This beverage is called sake in English, but in Japanese, sake or o-sake refers to alcoholic drinks in general. The Japanese term for this specific beverage is Nihonshu, meaning "Japanese sake."
Sake is also referred to in English as rice wine. However, unlike true wine, in which alcohol is produced by fermenting the sugar naturally present in fruit, sake is made through a brewing process more similar to that of beer. To make beer or sake, the sugar needed to produce alcohol must first be converted from starch. But the brewing process for sake differs from beer brewing as well, notably in that for beer, the conversion of starch to sugar and sugar to alcohol occurs in two discrete steps, but with sake they occur simultaneously. Additionally, alcohol content also differs between sake, wine, and beer.
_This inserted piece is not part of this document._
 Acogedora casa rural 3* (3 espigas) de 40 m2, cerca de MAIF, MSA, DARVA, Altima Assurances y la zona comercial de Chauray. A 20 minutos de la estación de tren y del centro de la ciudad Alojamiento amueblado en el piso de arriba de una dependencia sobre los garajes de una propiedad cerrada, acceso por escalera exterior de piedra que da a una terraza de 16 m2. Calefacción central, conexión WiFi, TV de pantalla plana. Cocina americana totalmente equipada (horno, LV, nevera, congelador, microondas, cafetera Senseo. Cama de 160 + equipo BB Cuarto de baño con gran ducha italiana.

Wine generally contains 9-16% alcohol and most beer is 3-8%, whereas undiluted sake is 18-20% alcohol, although this is often lowered to around 15% by diluting the sake with water prior to bottling.
In general, it is best to keep sake refrigerated in a cool or dark room, as prolonged exposure to heat or direct light will lead to spoilage. Sake stored at room temperature is best consumed within a few months after purchase.
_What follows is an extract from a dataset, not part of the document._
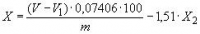 где V - объем раствора гидроокиси натрия концентрации точно 0,5 моль/дм3, израсходованный на титрование, см3;

After opening the bottle of sake, it is best consumed within 2 or 3 hours. It is possible to store in the refrigerator, but it is recommended to finish the sake within 2 days. This is because once premium sake is opened, it begins to oxidize which affects the taste. If the sake is kept in the refrigerator for more than 3 days, it will lose its "best" flavour. However, this does not mean it should be disposed of if not consumed. Generally, sake can keep very well and still taste just fine after weeks in the fridge. How long a sake will remain drinkable depends on the actual product itself, and whether it is sealed with a wine vacuum top.